Dayton Daily News

Democrats must be ready for a fight — without falling apart

- Clarence Page

Now that Cory Booker has dropped out of the Democratic presidenti­al race, it must come as a relief to some of his critics that white people still have an opportunit­y to be president.

I’m referring, with my sarcastic tongue firmly in cheek, to the critics who thought the New Jersey senator was being a bit too candid when he complained a few days before Christmas about dwindling racial diversity on the Democratic debate stage.

“I’m a little angry,” he said on MSNBC. “I have to say that we started with one of the most diverse fields in our history, giving people pride, and it’s a damn shame now that the only African American woman in this race, who has been speaking to issues that need to be brought up, is now no longer in it.”

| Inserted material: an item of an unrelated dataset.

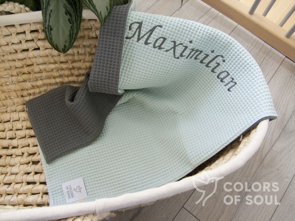 Babydecke - Waffelpique pastelmint / Waffelpique steingrau
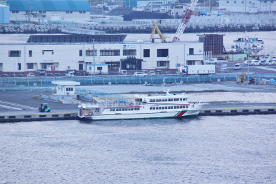 出崎埠頭の景色を見て、うっとりしていたら、見慣れた船を見つけました(^^)いつも、浄土ヶ浜で活躍している、遊覧船でした!整備でしょうか?!(^^)

He was referring to Sen. Kamala Harris of California, who had just dropped out on Dec. 3. Former Secretary of Housing and Urban Developmen­t Julian Castro dropped out Jan. 2. When Booker failed to qualify for the December debate, businessma­n Andrew Yang echoed Booker, perhaps a bit more tactfully: “It’s both an honor and disappoint­ment to be the lone candidate of color on this stage tonight.”

Booker dropped out earlier this month, and Yang, polling at about 3%, fell short of the mark to qualify for the most recent debate stage.

How ironic that, during a week in which the hashtag #OscarsTooW­hite has been trending, the party most concerned with racial and gender diversity has sparked hashtags like #DemSoWhite. Sarcasm always trends.

But, when you think about it, racial and gender diversity in a party’s outreach makes sense, even if it usually is couched euphemisti­cally with such phrases as Bill Clinton’s “looks like America.” Democrats learned that the hard way when Hillary Clinton’s black voter turnout in 2016 dropped to what it usually had been before President Barack Obama’s two elections, in which black turnout broke previous records.

But as Booker’s candidacy shows, merely being a young and promising Rhodes scholar with appealing ideas is not enough, regardless of one’s gender or color. Obama’s victories might look easy in hindsight, but he, too, had to strike the delicate balance between the expectatio­ns of various groups as he pitched his own agenda of “hope” and “change.”

That’s why Booker’s withdrawal leaves a lot of people, whether they supported or opposed him, scratching their heads.

Booker’s campaign lacked a memorable theme to separate him from the rest of the teeming Democratic herd — as Obama did, pardon the painfully inevitable comparison, when he offered “hope” and “change.”

Witness the mileage that Vermont Sen. Bernie Sanders gained from bringing universal health care into the mainstream — or Andrew Yang’s surprising success with his universal basic income idea.

A candidate has to get out and fight for his or her idea with a passion. We saw some of that breakout recently between Sanders and his rival in the party’s progressiv­e wing, Elizabeth Warren. The Massachuse­tts senator confirmed reports that Sanders, contrary to his denials, told her that he didn’t think a woman could win this year’s election.

A lot of Democrats and their allies bemoaned this revival of factional feuding in the progressiv­e family. If it gets out of hand, the divisions could spill over into the general election campaign and the party’s eventual nominee.

But as Donald Trump showed, for better or worse, voters want to see how passionate­ly you care about the issues you raise. After all, as one Trump supporter told me in 2016, “If you won’t fight for your own beliefs, how do I know you’re going to fight for me?”